Exercise material:
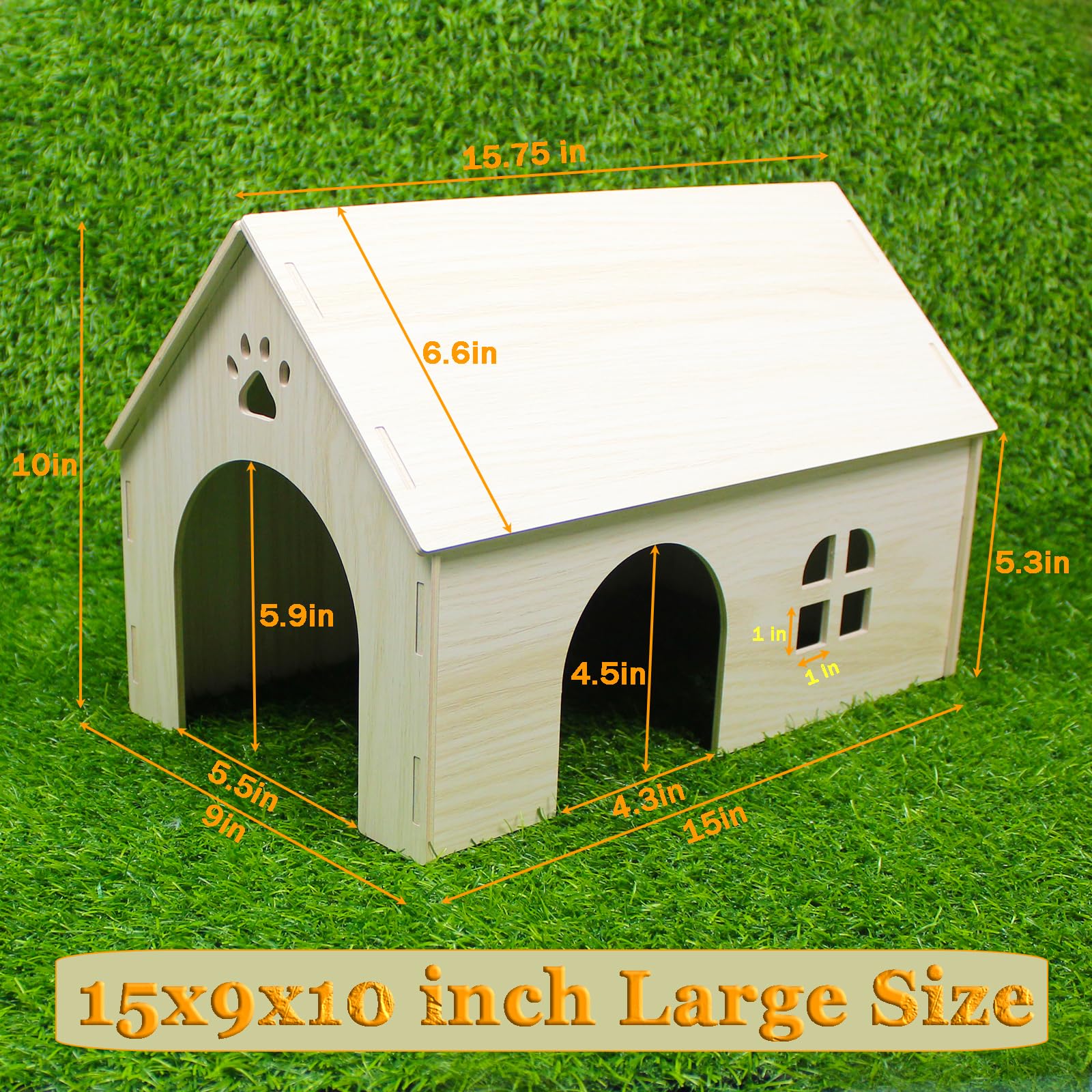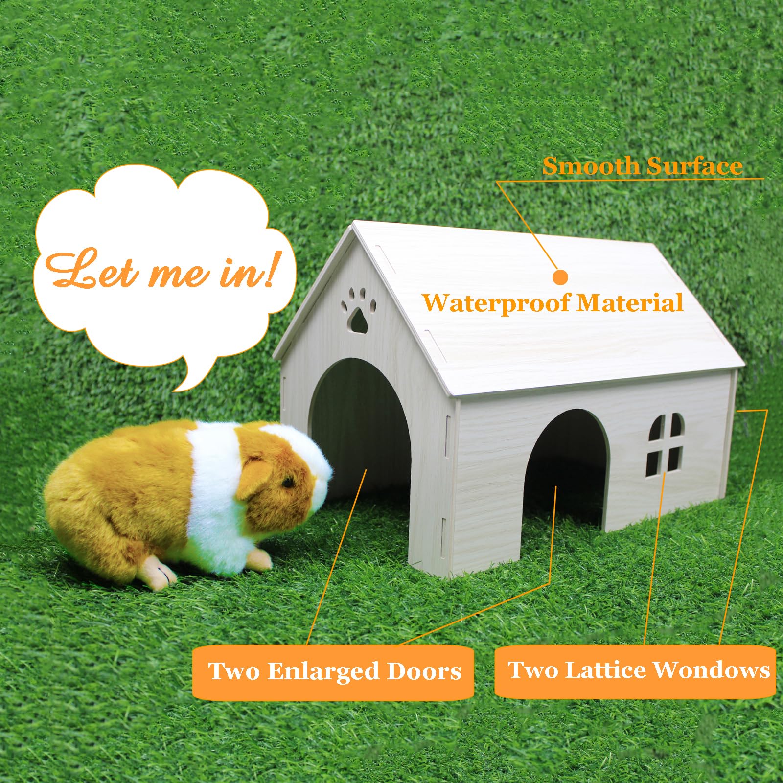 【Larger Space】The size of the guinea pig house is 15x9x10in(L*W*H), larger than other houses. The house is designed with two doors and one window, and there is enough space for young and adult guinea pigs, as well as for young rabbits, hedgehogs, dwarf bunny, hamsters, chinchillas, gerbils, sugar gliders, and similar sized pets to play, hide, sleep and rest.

* * *

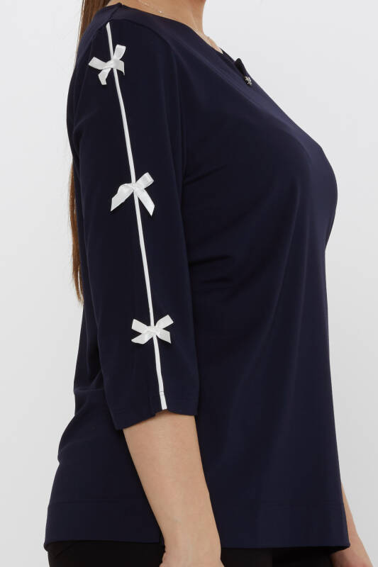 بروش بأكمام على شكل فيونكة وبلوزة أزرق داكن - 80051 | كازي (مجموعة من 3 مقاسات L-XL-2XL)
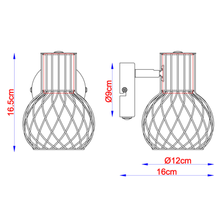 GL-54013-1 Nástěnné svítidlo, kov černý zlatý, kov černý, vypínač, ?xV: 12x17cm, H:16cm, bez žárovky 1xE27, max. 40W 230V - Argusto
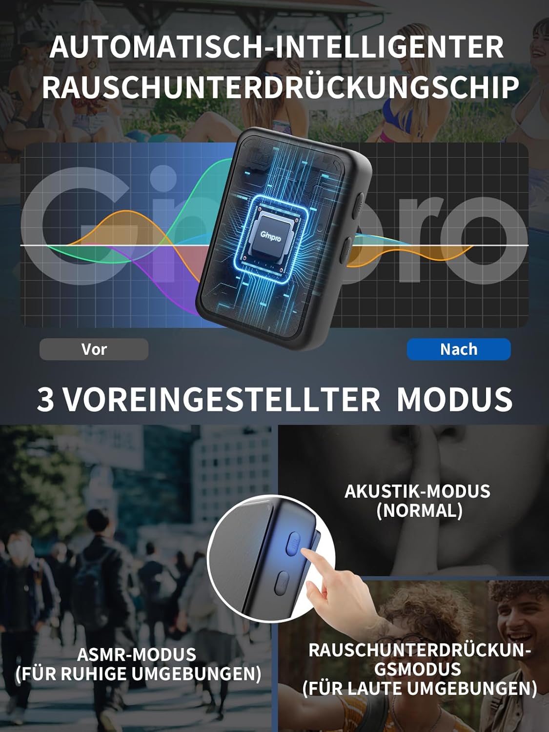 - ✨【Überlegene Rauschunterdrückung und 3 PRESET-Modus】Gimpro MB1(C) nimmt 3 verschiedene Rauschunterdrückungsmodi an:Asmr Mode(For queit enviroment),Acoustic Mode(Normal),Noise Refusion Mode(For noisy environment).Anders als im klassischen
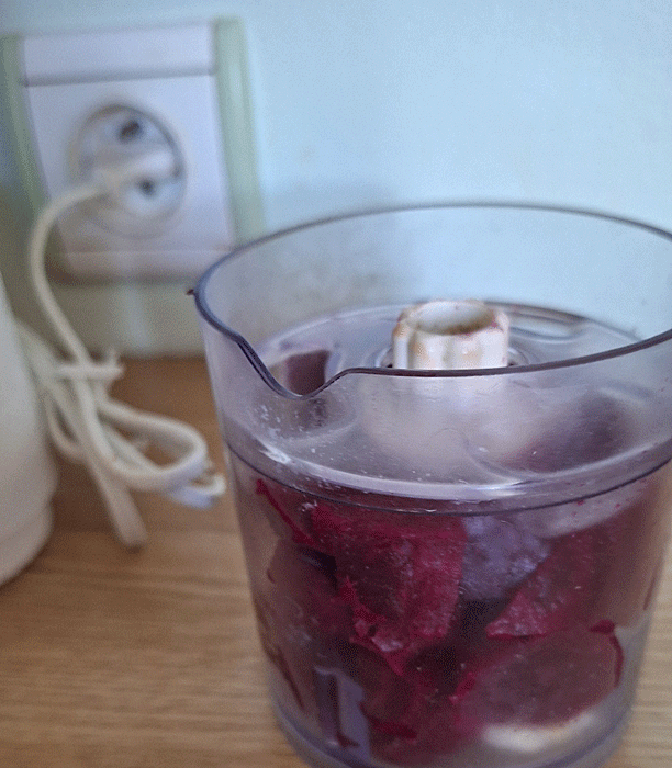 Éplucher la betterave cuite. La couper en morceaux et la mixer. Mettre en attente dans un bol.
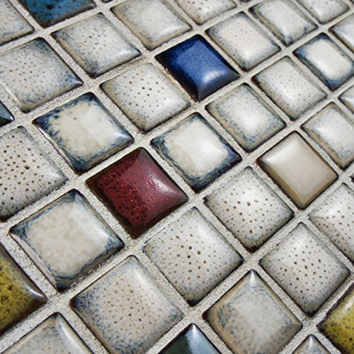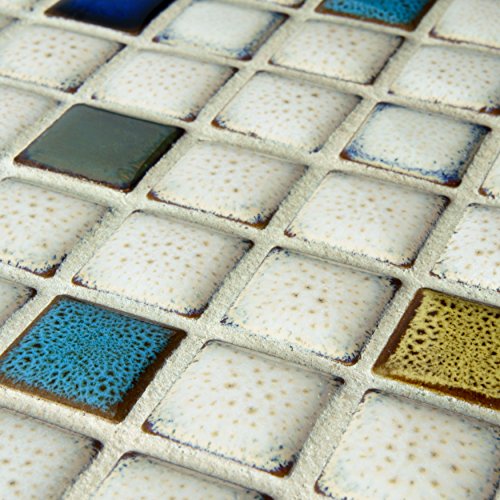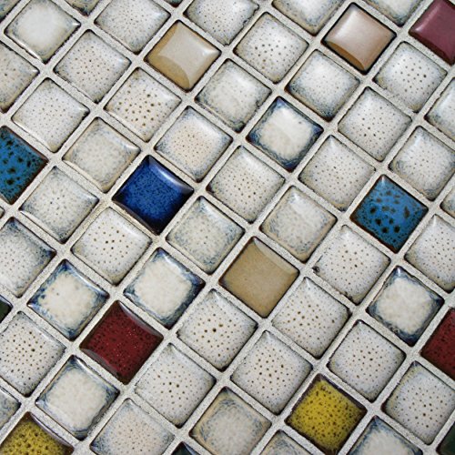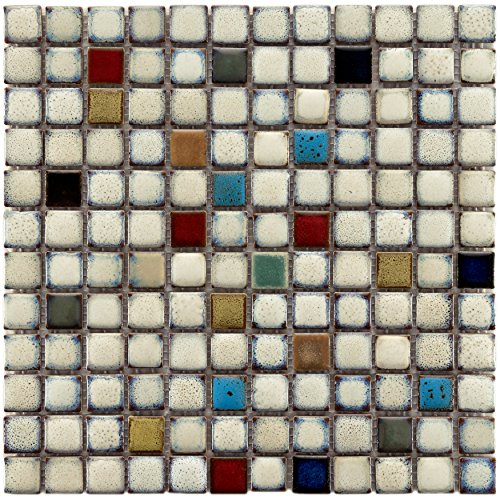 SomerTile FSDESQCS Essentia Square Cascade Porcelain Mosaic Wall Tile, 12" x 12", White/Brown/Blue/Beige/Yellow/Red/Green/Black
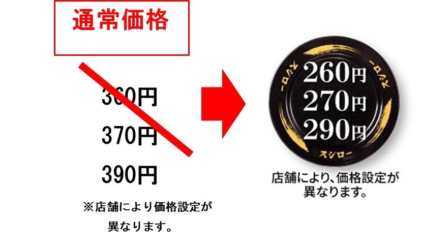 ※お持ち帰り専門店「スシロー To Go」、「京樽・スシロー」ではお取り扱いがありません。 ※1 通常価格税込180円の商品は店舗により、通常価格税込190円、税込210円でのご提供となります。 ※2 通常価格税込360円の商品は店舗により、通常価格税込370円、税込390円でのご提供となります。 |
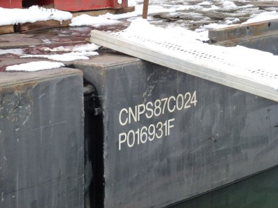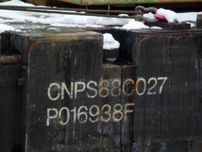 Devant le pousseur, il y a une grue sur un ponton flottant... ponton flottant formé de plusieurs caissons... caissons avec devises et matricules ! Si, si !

==

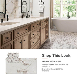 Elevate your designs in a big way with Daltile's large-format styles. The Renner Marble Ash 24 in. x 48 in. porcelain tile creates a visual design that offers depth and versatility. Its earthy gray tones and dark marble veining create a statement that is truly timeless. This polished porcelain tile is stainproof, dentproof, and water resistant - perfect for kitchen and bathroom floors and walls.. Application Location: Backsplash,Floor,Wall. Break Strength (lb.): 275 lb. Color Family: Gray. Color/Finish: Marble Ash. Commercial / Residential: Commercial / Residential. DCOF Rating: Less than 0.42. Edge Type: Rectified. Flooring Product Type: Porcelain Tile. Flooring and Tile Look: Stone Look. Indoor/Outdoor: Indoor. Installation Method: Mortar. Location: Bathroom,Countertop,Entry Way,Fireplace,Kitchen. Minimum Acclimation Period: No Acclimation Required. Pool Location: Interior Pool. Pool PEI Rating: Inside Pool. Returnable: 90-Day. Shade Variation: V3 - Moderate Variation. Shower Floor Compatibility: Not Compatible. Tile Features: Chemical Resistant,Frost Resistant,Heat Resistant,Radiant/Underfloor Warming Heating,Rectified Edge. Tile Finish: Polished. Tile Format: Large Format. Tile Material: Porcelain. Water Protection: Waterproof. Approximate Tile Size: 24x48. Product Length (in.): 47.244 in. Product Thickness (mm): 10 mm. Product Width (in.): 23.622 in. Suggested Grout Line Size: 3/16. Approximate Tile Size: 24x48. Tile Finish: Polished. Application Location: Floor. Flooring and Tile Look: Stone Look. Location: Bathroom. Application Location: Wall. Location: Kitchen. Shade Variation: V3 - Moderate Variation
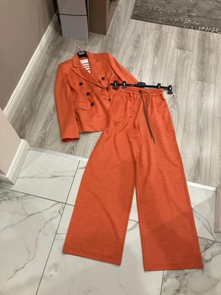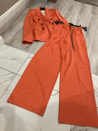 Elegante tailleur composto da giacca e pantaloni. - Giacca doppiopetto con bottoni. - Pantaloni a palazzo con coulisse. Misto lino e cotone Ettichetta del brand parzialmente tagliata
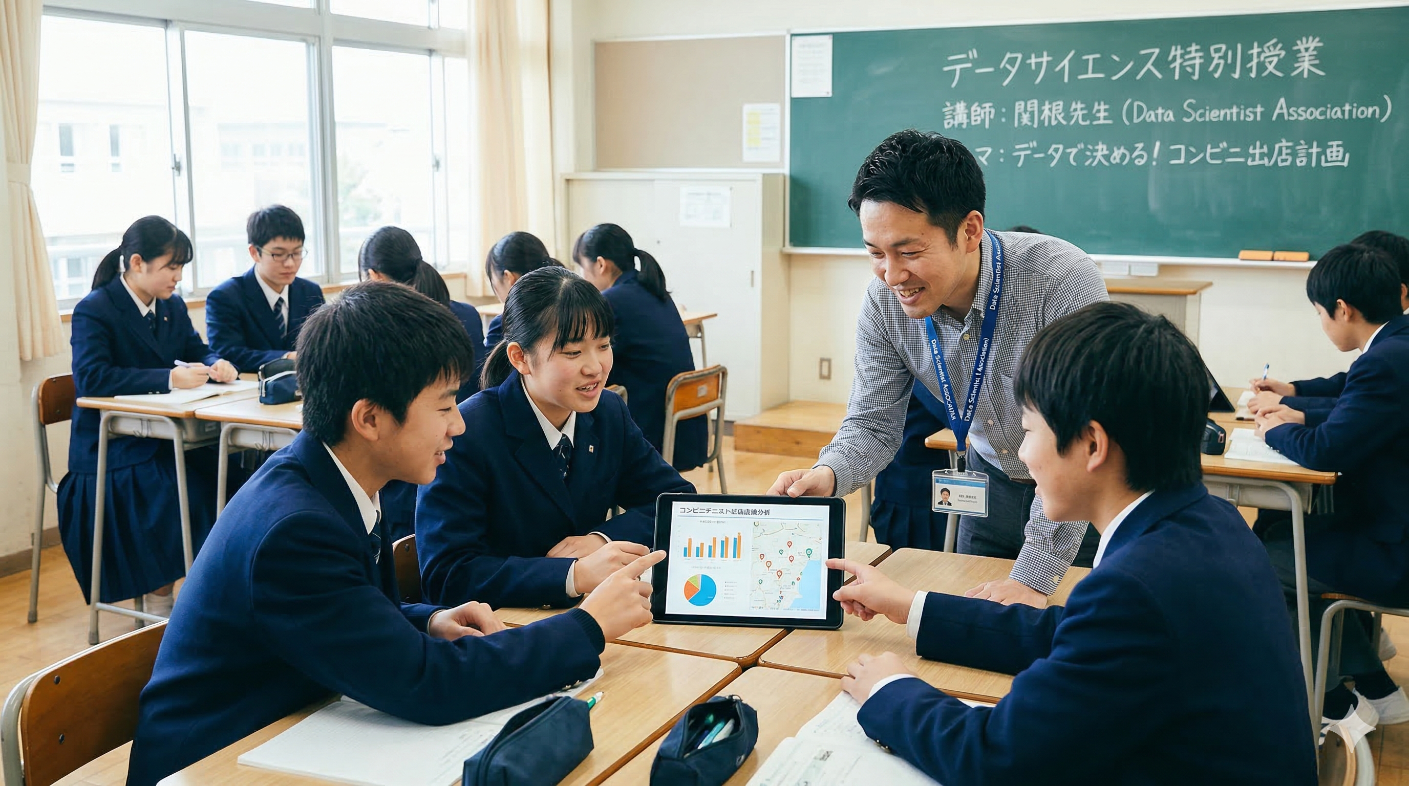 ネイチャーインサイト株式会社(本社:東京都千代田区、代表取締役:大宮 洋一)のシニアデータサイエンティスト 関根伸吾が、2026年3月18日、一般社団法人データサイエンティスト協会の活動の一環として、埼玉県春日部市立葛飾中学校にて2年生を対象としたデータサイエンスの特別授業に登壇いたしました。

Work required: Each line above that falls between the line with "- ✨【Überlegene Rauschunterdrückung" and the line with "SomerTile FSDESQCS Essentia" should be printed exactly, together with those two lines, but the pictures should not.

Completed task:
 - ✨【Überlegene Rauschunterdrückung und 3 PRESET-Modus】Gimpro MB1(C) nimmt 3 verschiedene Rauschunterdrückungsmodi an:Asmr Mode(For queit enviroment),Acoustic Mode(Normal),Noise Refusion Mode(For noisy environment).Anders als im klassischen
 Éplucher la betterave cuite. La couper en morceaux et la mixer. Mettre en attente dans un bol.
 SomerTile FSDESQCS Essentia Square Cascade Porcelain Mosaic Wall Tile, 12" x 12", White/Brown/Blue/Beige/Yellow/Red/Green/Black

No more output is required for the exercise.